Tomlinson v. Thurmon

181 So. 458 | La. | 1938

[EDITORS' NOTE: THIS PAGE CONTAINS HEADNOTES. HEADNOTES ARE NOT AN OFFICIAL PRODUCT OF THE COURT, THEREFORE THEY ARE NOT DISPLAYED.] *961 On July 3, 1934, James Jones, of Lincoln parish, La., the then owner of the land, executed an oil, gas, and mineral lease to the defendant John W. Thurmon, covering E. 1/2 of S.E. 1/4 of Sec. 27, T. 18, N., R. 4 W., containing 80 acres, more or less, for a term of five years; it being the usual form of a commercial lease contract. On *962 the same day, Jones sold to the defendant Mrs. Edith Thurmon, née Cann, wife of John W. Thurmon, of Ruston, La., for the price of $120 cash, one-half of all the oil royalties and gas rentals or royalties due and to become due under the terms of the lease, and a like interest in all money rentals that may be hereafter paid in order to keep said lease in effect without drilling.

On October 14, 1935, the defendants, John W. Thurmon, Mrs. Edith Cann Thurmon, and L.D. Bartell of Longview, Tex., sold to plaintiff, for the cash price of $600, "all rights, title, and interest in and to that certain oil, gas, and mineral lease executed by James Jones to John W. Thurmon, in so far only as itcovered the N.E. 1/4 of S.E. 1/4 of Section 27, T. 18, N.R. 4West, containing 40 acres, more or less." The plaintiff, J. Clyde Tomlinson, the assignee, agreed "to faithfully carry out all of the provisions of the original lease in so far as it applies tothat portion of the tract conveyed herein."

But there was no obligation on part of the assignee with respect to keeping the lease in force on the land not conveyed, and the defendants, the assignors, retained no overriding royalty to be paid by the assignee in addition to the royalty to be paid the original lessor, James Jones.
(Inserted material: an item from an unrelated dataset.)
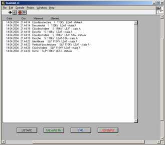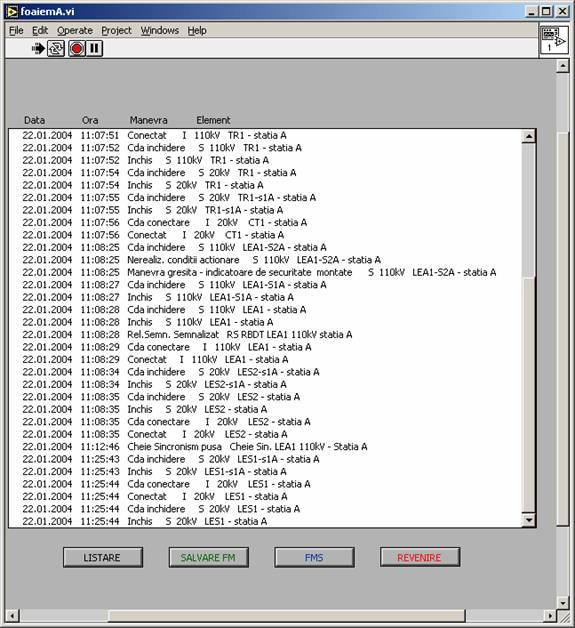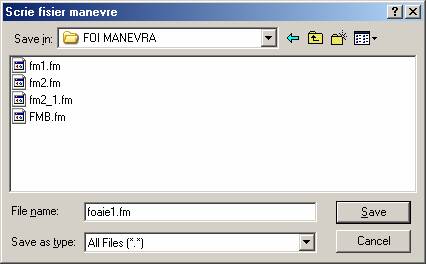 In caseta de afisare apar data, ora, manevra si eticheta echipamentului asupra caruia s-a executat manevra respectiva. se salveaza manevrele efectuate prin apasarea butonului SALVARE FM apare fereastra "Scrie fisier manevre" ; se alege subdirectorul FOI MANEVRE , se introduce un nume pentru foaia salvata (ex. Foaie1.fm) si se apasa butonul Save pentru salvare.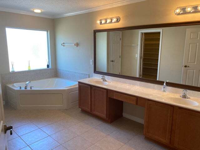 Large home on cornet lot in golf course community. Walking distance from the golf course and beautiful scenery. Gated community in Green Cove Springs. This home is complimented with a peaceful back yard with view of a pond. The home boast of high ceilings and no wasted space. The first floor has a guest bedroom with a bathroom. Spacious upstairs with large owner's suite. Owner's suite has a separate area for additional furniture which leads into a bathroom with a grand closet, garden tub, and separate stand up shower. Large driveway for your cars. Lawn service included. Large home on cornet lot in golf course community. Walking distance from the golf course and beautiful scenery. Gated community in Green Cove Springs. This home is complimented with a peaceful back yard with view of a pond. The home boast of high ceilings and no wasted space. The first floor has a guest bedroom with a bathroom. Spacious upstairs with large owner's suite. Owner's suite has a separate area for additional furniture which leads into a bathroom with a grand closet, garden tub, and separate stand up shower. Large driveway for your cars. Lawn service included.

This transfer whereby defendants, the holders of the oil lease, disposed absolutely of their interest in the lease on part of the land, without retaining an overriding royalty, constituted an assignment, and not a sublease. Roberson v. Pioneer Gas Co.,173 La. 313, 137 So. 46, 82 A.L.R. 1264. *963

On January 3, 1931, James Jones, being indebted to the Bank of Simsboro, executed a mortgage on certain of his lands, including that covered by said oil, gas, and mineral lease, payable to himself, and pledged same to the Bank of Simsboro to secure his indebtedness. The Bank of Simsboro transferred this indebtedness to First National Bank of Ruston. On February 20, 1936, that bank instituted proceedings to foreclose, and, in due course, the lands covered by the mortgage, including that covered by plaintiff's lease, were sold by the sheriff of Lincoln parish to First National Bank in satisfaction of the indebtedness.

The sale was made without any reservations as to the oil, gas, and mineral lease in question.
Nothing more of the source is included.